As our pioneers came west they ate a lot of beans and hardtack. One of their most valuable possessions was a Dutch oven or bake oven with a tight fitting lid. Live coals were placed on top and biscuits, bread or pies cook baked inside. If the hunters were successful they also had buffalo, antelope, deer, wild ducks and other game along the way. When they reached the Salt Lake valley, they continued to hunt and fish and when times got really bad, one family wrote that they "made plenty of gravy" to which sego bulbs were added.

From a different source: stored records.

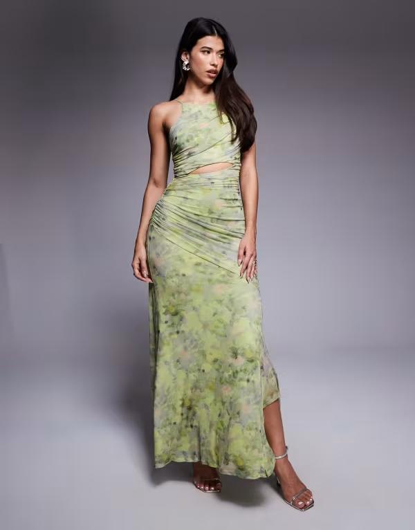 エイソス レディース トップス ワンピース アシンメトリー マキシワンピース フラワー柄 プリント メッシュ マキシ フラワー ホルター ASOS DESIGN mesh square halter maxi dress with asymmetric ruching in floral print floral print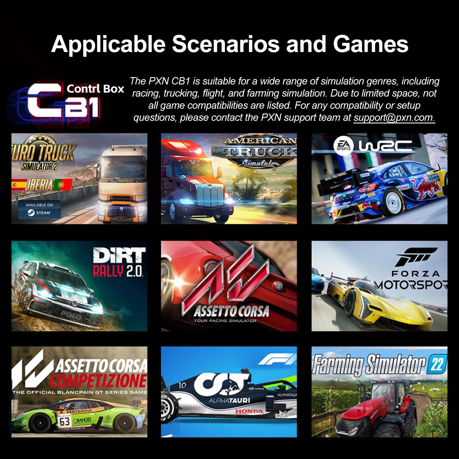 The PXN CB1 is ideal for simulation enthusiasts, supporting a wide range of games: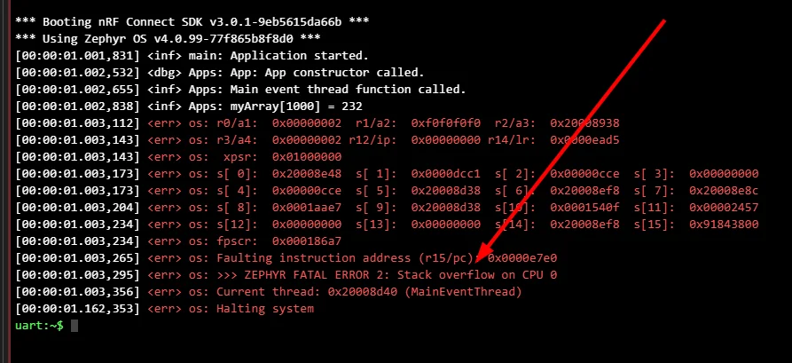 // Try and blow up the stackuint8_t myArray[2000];// Do something with it so it is not optimized outfor (size_t i = 0; i < 2000; i++){    myArray[i] = i;}LOG_INF("myArray[1000] = %d", myArray[1000]);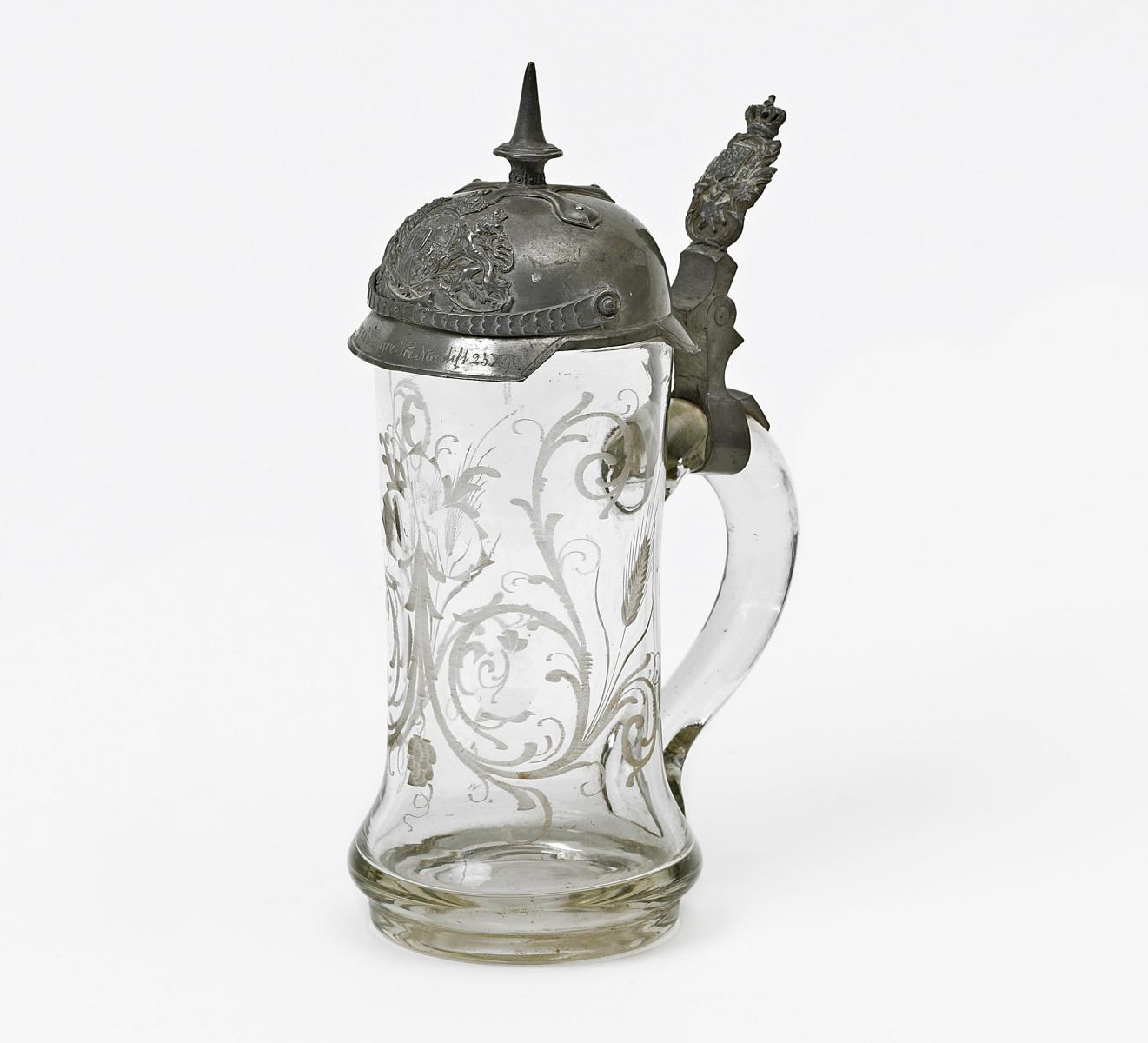 Glas mit Zinndeckel. H.21,5 cm. Zustand B.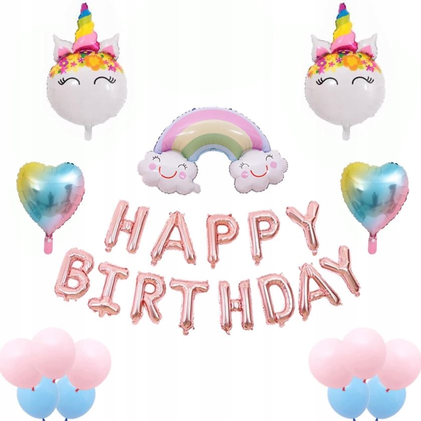 Zestaw balonów TĘCZA jednorożec serce urodziny hel
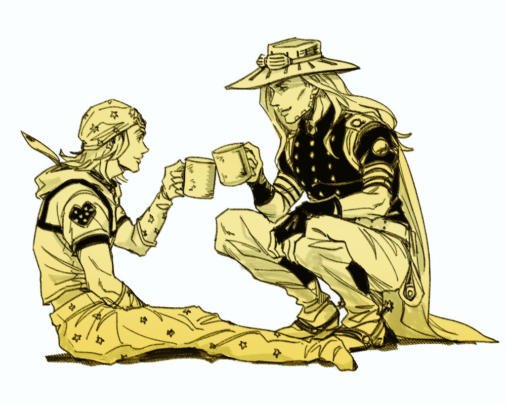 2boys commentary_request dixie_cup_hat ee2eewok gyro_zeppeli hat heart_ornament horse_print horseshoe horseshoe_hat_ornament horseshoe_ornament johnny_joestar jojo_no_kimyou_na_bouken korean_commentary military_hat multiple_boys star_(symbol) star_print steel_ball_(jojo) steel_ball_run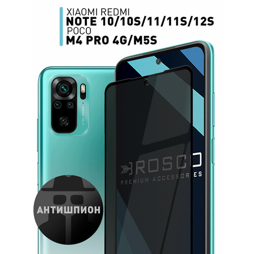 Защитное стекло антишпион на Xiaomi Redmi Note 10, Note 10S и Poco M5s (Сяоми Редми Ноут 10, 10с и Поко М5с), с эффектом приватности, чёрные рамки, бренд Rosco, 1 шт
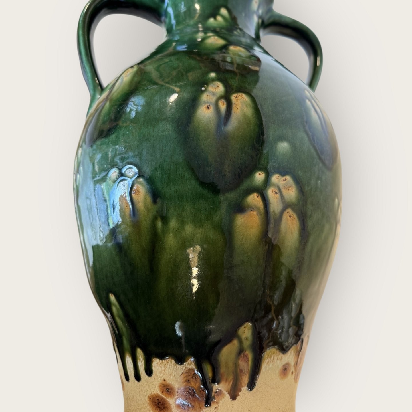 Stor gulvvase fra West Germany med grøn løbeglasur, Rigtig pæn stand dog en meget lille ujævnhed / afslag ved bunden (se foto), Højde 44 cm

The ingredients for Mormon Gravy were fat, (often bacon drippings), liquid, (milk was preferred, but they also used stock, vegetable water or even water), flour, salt and pepper. Cowboys fared much the same. What they ate depended a lot on how good the cook was. Beans, bacon and coffee were staples. One of their desserts on the trail was "Son of A Gun in A Sack".
SON-OF-A-GUN-IN-A-SACK (From one of the old Brinnon pioneers)
"Make a moderately soft dough of water, flour, sugar, salt and baking powder. Throw in a handful of raisins, a scoop of dried apples and some chopped suet. Put it in a flour sack, tied loosely so that apples can swell. Drop into a kettle of boiling water and let boil for a couple of hours. Serve with sauce made of water, maple sugar, lemon and cinnamon. (Sounds terrible, but it is swell eating.")
When the Millecams and Maybees lived in the Wisdom area, in the 30s, electricity was rare and many still had a springhouse to keep foods cool. (This was a stone house built over a spring or stream. The water flowing through kept foods cool.) Others had iceboxes at home, where huge blocks of ice kept everything cool. Ice was stored in sawdust in an icehouse, and it was fun to go down and get chips of ice to eat on a hot day.
During the 1940s rationing of meat, butter and other foods made it necessary to change some recipes. Cereals were added to hamburger to make it stretch, Soya flour, which added protein, was advised as an addition to bread recipes. Grandma Millecam followed the recommendation of the "Health for Victory Club" book, which suggested using bacon drippings instead of butter in muffins and cookies. Rita Stark was a Block Warden and took these recipe booklets around the neighborhood. One of these recipes was Raisin-Carrot-Cheese Sandwiches, which became one of our favorites. (See Soup-Salad-Sandwich Section).
In the '40s and '50s other popular foods were icebox-frozen desserts and cookies. Most of Harriet Millecam and Rita Stark's recipes are from this time period.
In the '60s cookbooks you will find many recipes made with Jell-O. Television and working mothers brought in TV dinners and " combine a can of this with a package of that" type meals, a lot like many of the good and easy recipes we have in the Main Dish section.